On Mon, Jan 16, 2017 at 2:56 PM, Mathieu Desnoyers
<mathieu.desnoyers@efficios.com> wrote:
>
> So for both register and unregister functions, as well as the use in
> membarrier_nohz_full_expedited(), disabling interrupts around the rq
> lock should fix this. But perhaps it would be wiser trying not to use the
> rq lock at all.

Definitely.


>> (d) when it doesn't even make any sense in the first place for a
>> per-thread value that is never modified by any other threads!
>
> The variable "membarrier_expedited" is indeed only modified by the
> current thread, but it is read by other threads calling
> membarrier_nohz_full_expedited().

Why not just make the write be a "smp_store_release()", and the read
be a "smp_load_acquire()". That guarantees a certain amount of
ordering. The only amount that I suspect makes sense, in fact.

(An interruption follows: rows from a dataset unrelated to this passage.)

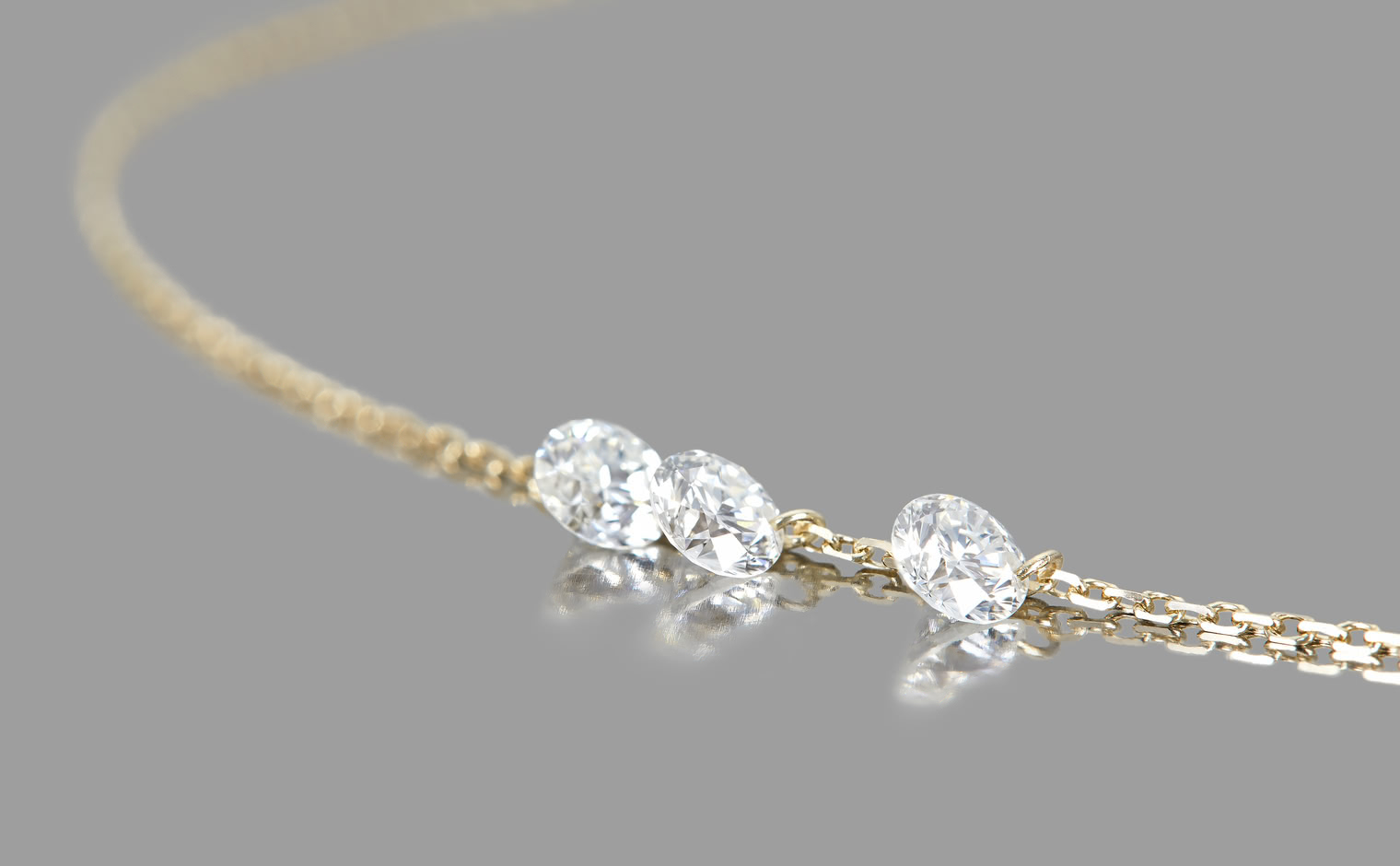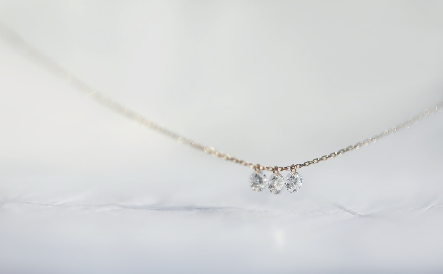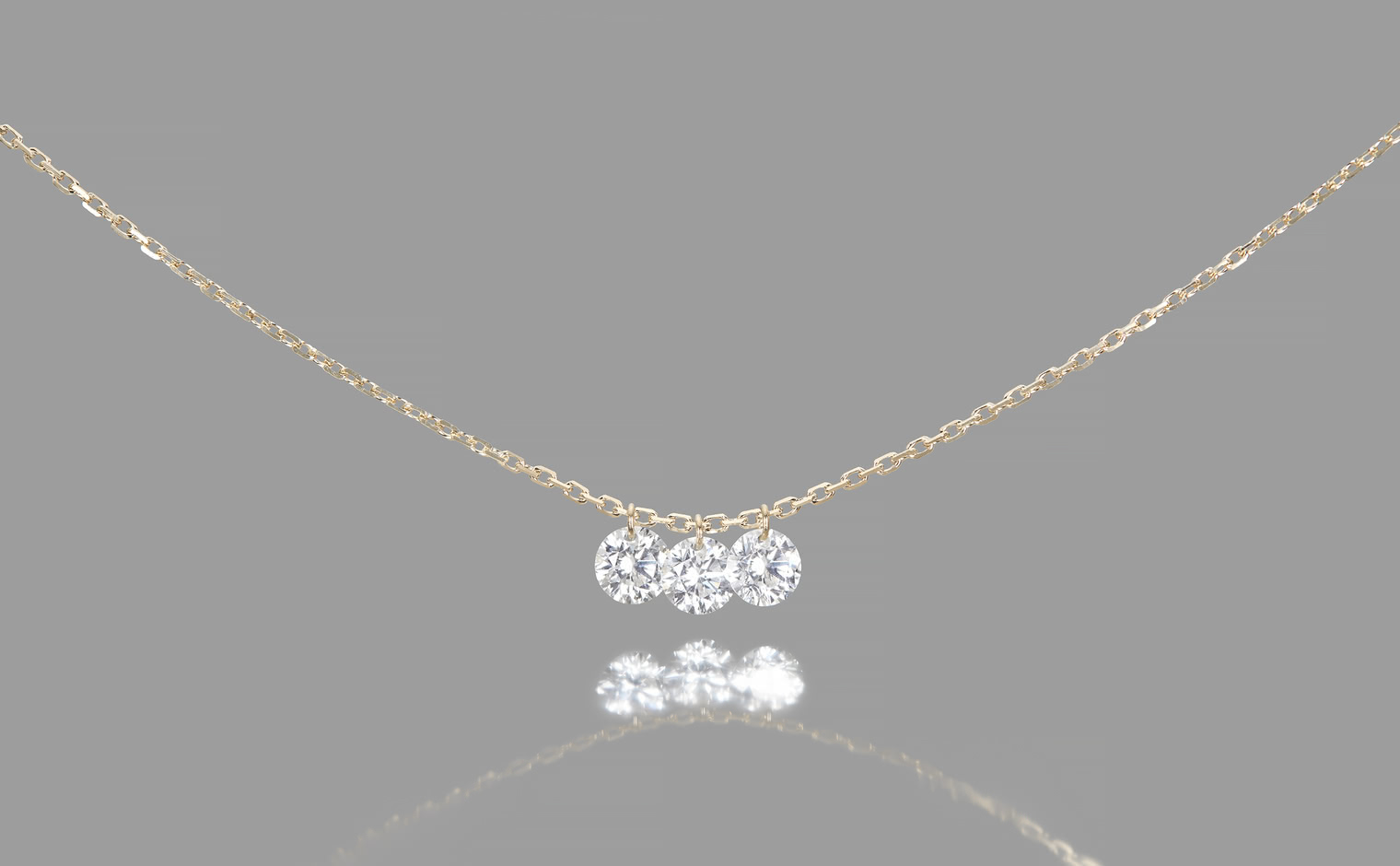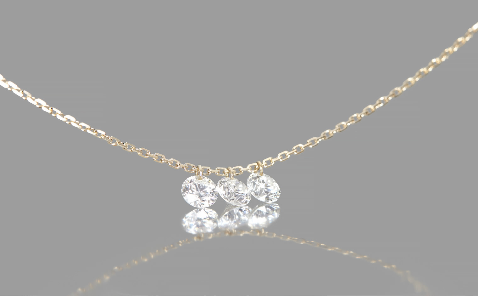 Three beautifully sparkling diamonds are expertly laser drilled and suspended from gleaming gold jump rings.
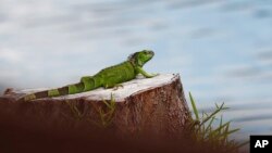 ที่เป็นเช่นนั้นก็เพราะเจ้าหน้าที่รัฐกำลังเร่งเร้าให้ประชาชนกำจัดกิ้งก่าอิกัวน่าตัวสีเขียวขนาดความยาวสูงสุด 5 ฟุต ที่กำลังเเพร่พันธุ์อย่างรวดเร็ว ทั้งๆ ที่ไม่ใช่สัตว์ประจำถิ่นของฟลอริด้า
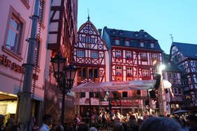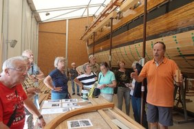 Am nächsten Tag wechselten wir auf den Campingplatz bei der Marina Mittelmosel in Neumagen-Drohn. Leider fiel unsere Fahrt mit dem Römerschiff aus, da die Instandsetzung noch nicht beendet ist. So blieb es bei einem Besuch in der „Werft“ mit einem interessanten Bericht zur Restaurierung. Die nächsten vier Nächte verbrachten wir dann im „Sun Park“ in Graach, wo wir Plätze direkt an der Mosel hatten, obwohl wg. des Weinfestes in Bernkastel-Kues doppelt so viele Wohnmobile dort standen als gewöhnlich. Noch am Ankunfts-Nachmittag radelten wir von dort zur Führung nach Bernkastel-Kues. Die erste sportliche Herausforderung gab es am nächsten Tag mit einer Tour in den Hunsrück, wobei zwischen Graach und Graach Schäferei gleich ca. 200 Höhenmeter auf 2.500 m Strecke bewältigt werden mussten. Alle Radler haben das mit Bravour geschafft!

But it's not clear what the problem is, so..

>> Oh, and the clone semantics make no sense either.
>
> Currently, this patch clears the state on exec and when forking a new thread,
> but keeps the thread state when forking a new process, which AFAIU is
> in line with current practices. But perhaps not, what I am missing ?

I'm not seeing how a regular fork() could possibly ever make sense to
have the membarrier state in the newly forked process. Not that
"fork()" is really well-defined for within a single thread anyway (it
actually is as far as Linux is concerned, but not in POSIX, afaik).

So if there is no major reason for it, I would strongly suggest that
_if_ all this makes sense in the first place, the membarrier thing
should just be cleared unconditionally both for exec and for
clone/fork.

              Linus

^ permalink raw reply	[flat|nested] 11+ messages in thread

* Re: [RFC PATCH] membarrier: handle nohz_full with expedited thread registration
  2017-01-16 23:50     ` Linus Torvalds
@ 2017-01-17  2:09       ` Mathieu Desnoyers
  0 siblings, 0 replies; 11+ messages in thread
From: Mathieu Desnoyers @ 2017-01-17  2:09 UTC (permalink / raw)
  To: Linus Torvalds
  Cc: Paul E. McKenney, linux-kernel, Josh Triplett, KOSAKI Motohiro,
	rostedt, Nicholas Miell, Ingo Molnar, One Thousand Gnomes,
	Lai Jiangshan, Stephen Hemminger, Thomas Gleixner,
	Peter Zijlstra, David Howells, bobby prani, Michael Kerrisk,
	Shuah Khan, Andrew Morton

----- On Jan 16, 2017, at 6:50 PM, Linus Torvalds torvalds@linux-foundation.org wrote:

> Why not just make the write be a "smp_store_release()", and the read
> be a "smp_load_acquire()". That guarantees a certain amount of
> ordering. The only amount that I suspect makes sense, in fact.
> 
> But it's not clear what the problem is, so..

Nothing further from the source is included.